An excessively unpredictable and isolationist United States, under the US President Trump, whose transactionalism borders on being simplistic, has caused discomfort globally – even more so in the Asia-Pacific region now referred to as the Indo-Pacific. This discomfort is exacerbated the fact, that the US’ unpredictable approach, has been simultaneously accompanied by an increasingly assertive China.
Along with India, Japan and ASEAN members like Singapore, one of the countries which has taken note of the Trump Administration’s unpredictable approach towards the Indo-Pacific region is Australia.
Australia’s reservations with regard to US isolationism and Chinese expansionism
In a White Paper on Foreign Policy (2017), the Australian government while recognizing the less pro-active approach of the Trump Administration, unequivocally argued in favor of more robust engagement between the US and the Indo-Pacific Region
‘We believe that the United States’ engagement to support a rules-based order is in its own interests and in the interests of wider international stability and prosperity’
The White Paper while drawing attention to the unpredictable approach of the US, also highlights the rise of China.
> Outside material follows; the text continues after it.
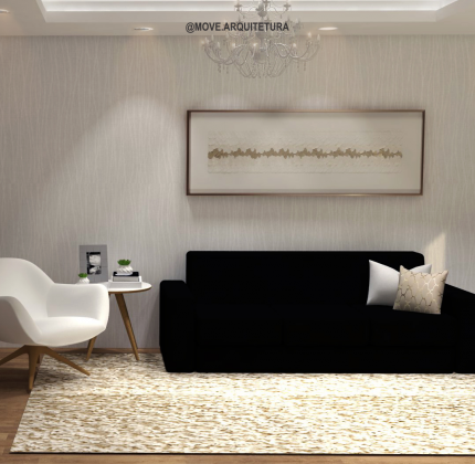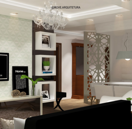 Projeto de interiores. Adotar um estilo mais clean não significa deixar de lado o aconchego. Nesse apartamento utilizamos uma decoração mais neutra com detalhes contemporâneos e o destaque ficou por conta do revestimento 3D diamante e o espelho em bronze que confere luxo ao espaço.

While Australia has robust economic ties with Beijing, with bilateral trade estimated at well over 100 Billion USD in 2016 and Chinese Investments in Australia estimated at over 15 Billion USD for 2016, The White Paper has not refrained from expressing concern over China’s assertive stand on the South China sea issue.
‘Australia is particularly concerned by the unprecedented pace and scale of China’s activities.. Australia opposes the use of disputed features and artificial structures in the South China Sea for military purposes’.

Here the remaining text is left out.